Eight Chinese regions have promised to beef up anti-pollution curbs, vowing fresh cuts in smog, cleaner water and soil and tighter scrutiny over government officials after Beijing-led probes uncovered thousands of violations.
China's Ministry of Ecology and Environment (MEE) said on Tuesday that the heavily populated industrial provinces of Shandong, Zhejiang and Sichuan were among the regions committing themselves to new measures, as well as Xinjiang and Tibet in the remote northwest.
As part of efforts to crack down on persistent polluters and negligent local administrations, Beijing launched a nationwide audit at the end of 2015 into the environmental records of 31 provinces and regions.
Teams led by retired ministers were granted powers to make unannounced spot checks at factories and summon local bureaucrats to explain their actions. The inspections, completed last year, have already had a big impact.
"There are definitely a lot of issues that might not have come to light without central government inspections, such as steel plants failing to retire capacity as ordered or building new capacity without a permit," said Lauri Myllyvirta, clean air campaigner with environment group Greenpeace.
In a statement published by the MEE, Shandong on China's eastern coast vowed to "unswervingly" implement government policies and restructure its heavy industrial economy.
It pledged to cut concentrations of hazardous airborne particles known as PM2.5 by half compared to 2013, though Myllyvirta said the target of 49 micrograms per cubic metre was not especially ambitious.
"Local officials are being incentivised very strongly to meet air quality targets so they shouldn't be the ones setting them," he said.
In its commitments, Xinjiang, a major oil and gas producing region, promised to set winter production caps on industries like thermal power, steel and chemicals in a bid to cut 2017 levels of PM2.5 by a quarter by 2020.
The manufacturing hub of Zhejiang, near Shanghai, promised to cut PM2.5 to the national standard of 35 micrograms, and make 91 percent of polluted arable land fit for human use by 2020.
By end-March, more than 2,000 government and state enterprise officials in 15 regions had been held to account as a result of the inspections, according to Reuters calculations based on MEE data.
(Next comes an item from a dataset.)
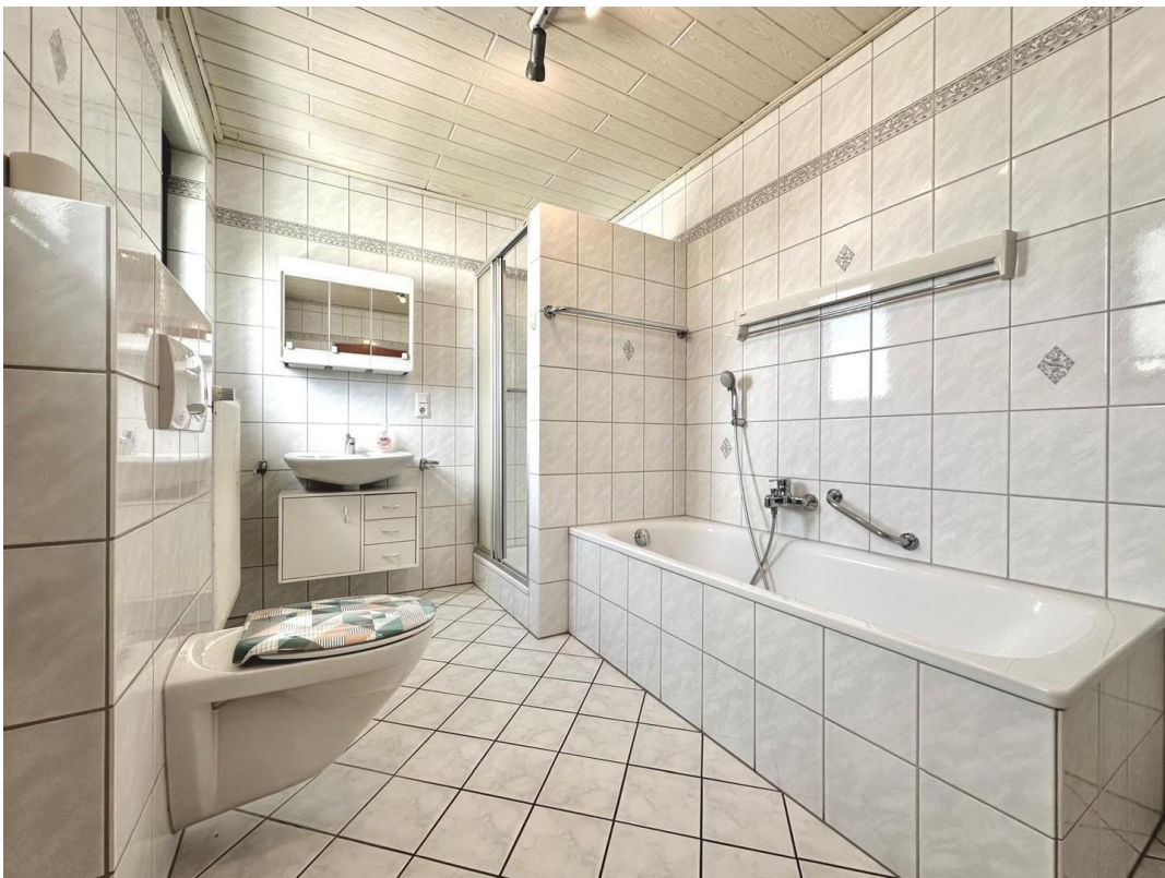
Bad 2 oben

Most received an official reprimand and 22 face criminal charges.
State-owned China Minmetals Group was also accused by inspectors of being a "big corporate bully" after failing to rectify violations.
China's president Xi Jinping vowed this month to use the full might of the Communist Party to redress the damage done to the country's skies, soil and water since its economy was first opened up in 1978.
Meanwhile the government is planning to launch a second round of regional inspections early next year, the Communist Party newspaper People's Daily reported last week.
"It shows how resolute the Centre is on this issue and how it is determined to keep up the pressure on the provinces," said Peter Corne, managing partner at legal firm Dorsey & Whitney in Shanghai, who follows China's environmental policies.
"They have nowhere to hide," he added.